Arlington Won't Name a Street for MLK, But Says New Sign Toppers Honor His "Can-Do Legacy"

Arlington Won't Name a Street for MLK, But Says New Sign Toppers Honor His "Can-Do Legacy"

Naming a street for Martin Luther King Jr. is perhaps the easiest way a city can express its approval of the civil rights movement. Aside from whatever pittance is required to update maps and street signs, it's completely painless, particularly since it doesn't require any actual effort to address stubborn residential segregation or racial gaps in income, education or geography.

For Arlington, though, that's a bridge too far.
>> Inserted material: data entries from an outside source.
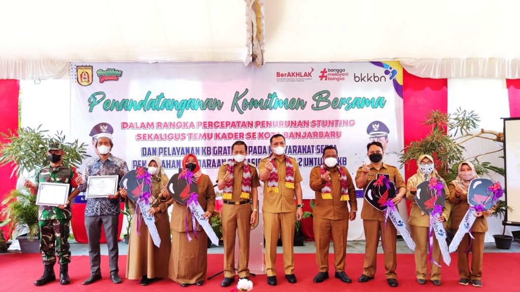 MEDIA CENTER BANJARBARU – Pemerintah Kota Banjarbaru terus melakukan upaya untuk menurunkan dan pencegahan terhadap Stunting, salah satu upayanya yaitu menyelenggarakan Penandatanganan Komitmen Bersama dalam rangka Percepatan Penurunan Stunting sekaligus Temu Kader KB se-Kota Banjarbaru, dan Pelayanan KB Gratis untuk Masyarakat Kota Banjarbaru serta Penyerahan Kendaraan Operasional Roda 2 untuk Penyuluh Lapangan Keluarga Berencana (PLKB), bertempat di Komplek Wengga Tahap IV RT. 044/RW. 007 Kel. Guntung Manggis Kec. Landasan Ulin Kota Banjarbaru, pada (14/03/2022) Senin pagi.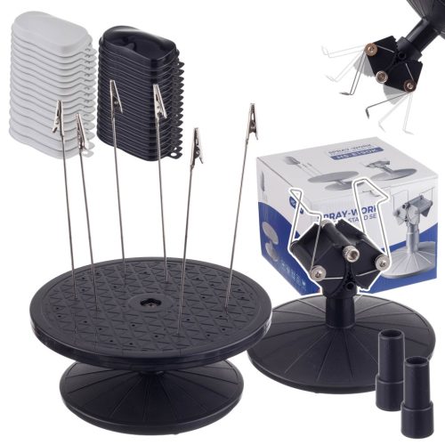 A forgatható alap lehetővé teszi, hogy a munkadarabot érintés nélkül, szabadon forgassa, ami növeli a pontosságot és a kényelmet festés közben. A platformon kialakított nyílásokba helyezhetők az acél klipszek, amelyek biztonságosan rögzítik a kisebb alkatrészeket. Az állítható alap a nagyobb elemek stabil befogására szolgál, szélessége könnyen a munkadarabhoz igazítható.
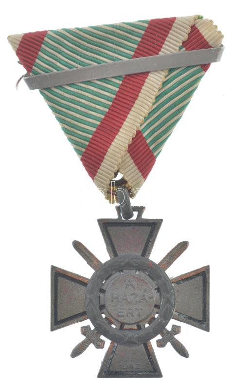 1942. ‘Tűzkereszt I. fokozata sebesülési pánttal’ hadifém kitüntetés eredeti mellszalagon, sebesülési pánttal T:2 Hungary 1942. ‘Fire Cross, 1st Class with woud strap’ war metal decoration on original ribbon with wound strap C:XF NMK 444.<a href="h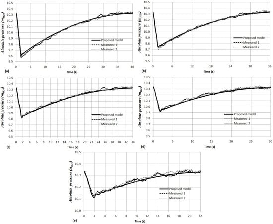 Comparison between computed and measured absolute pressure oscillation patterns (air valve S050): (a) Test No. 1; (b) Test No. 2; (c) Test No. 3; (d) Test No. 4; (e) Test No. 5.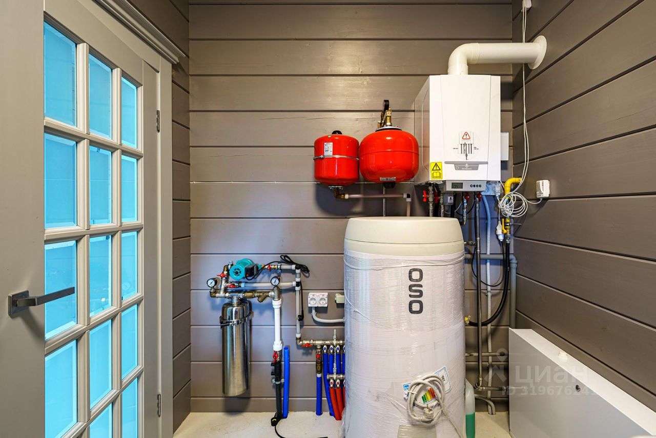 Установлен двухконтурный газовый котел DE Dietrich с управлением через интернет, бойлер OSO, отопление - магистральный газ, подогорев полов, немецкий камин Schmid, септик Астра 8.

So, instead of devoting an entire roadway to the nation's preeminent civil rights icon, they're honoring his legacy with 16 tasteful sign toppers.
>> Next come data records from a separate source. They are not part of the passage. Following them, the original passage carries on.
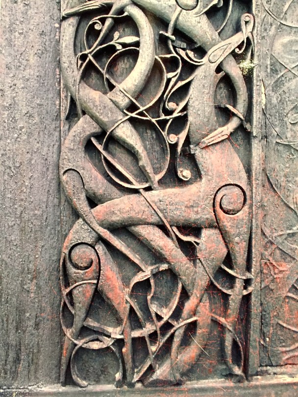 A closeup of the entwined animals (a deer and a serpent?), biting and strangling one another. These are similar to the “grappling beasts” imagery used by Vikings. Christians may have adopted them to symbolize the inherent struggle between good and evil.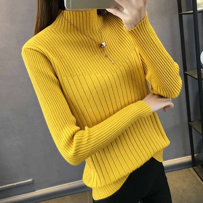 Свитер женский трикотажный с высоким воротником и длинным рукавом, Осень-зима 2020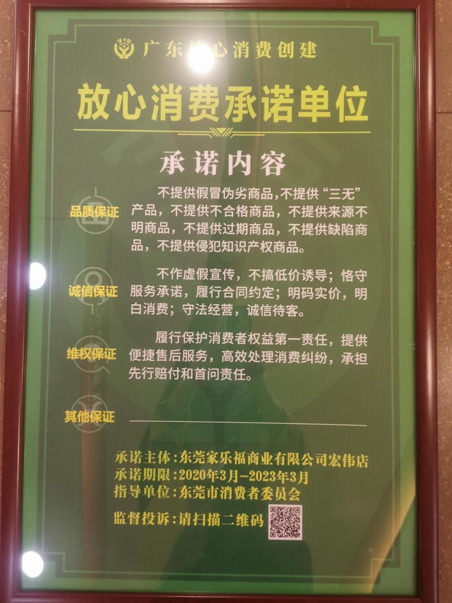 家乐福根据《经营者“放心消费承诺”活动规则(试行)》向社会公开作出品质保证、诚信保证和维权保证的“三大承诺”,承诺不提供假冒伪劣商品,不提供“三无”产品;不作虚假宣传;履行保护消费者权益第一责任等,充分发挥放心消费承诺单位示范作用,深入推进放心消费创建活动,深化消费维权社会协同共治,营造安全放心的消费环境。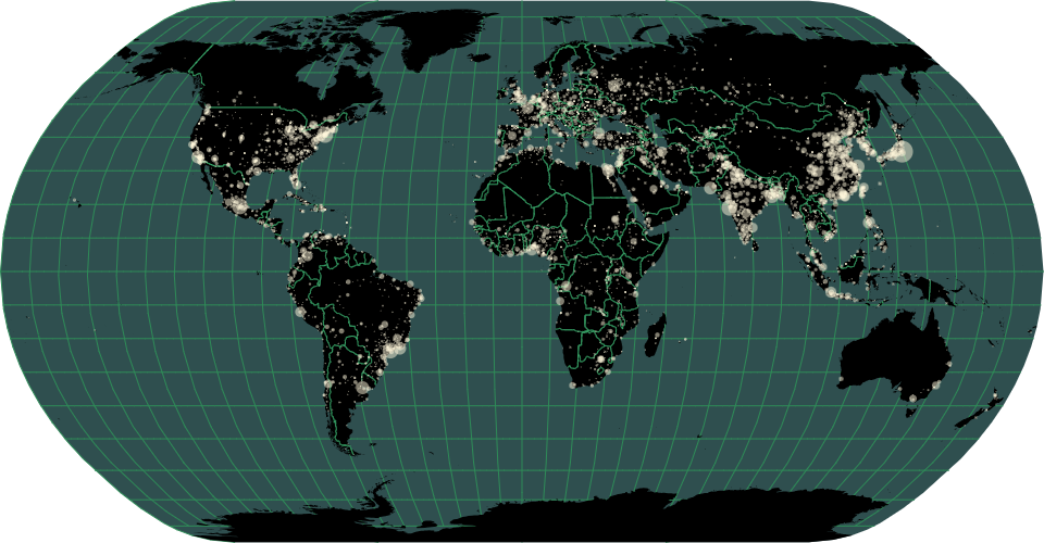A world map showing cities with population greater than 50,000. City data from Simplemaps: World Cities Database.

City leaders are celebrating the sign toppers as a major accomplishment. Mayor Robert Cluck is proud that they will be placed along Center Street, "the center of our community."

Arlington City Councilman Michael Glaspie told the Fort Worth Star-Telegram, "It gives us the chance to honor a great person who changed our lives." The placement of the sign toppers "speaks to King's can-do legacy."

The Arlington branch of the NAACP isn't so sure. For several years, it has been pushing for a street to be named for MLK. In 2012, the branch was rebuffed in its attempt to rechristen Division Street, by property owners reluctant to change signs and business cards.

Maybe Division Street wasn't the right spot, but those pushing for an MLK street in Arlington make a compelling argument. In a town with a Nolan Ryan Expressway and a Tom Landry Freeway, shouldn't there enough asphalt for a King?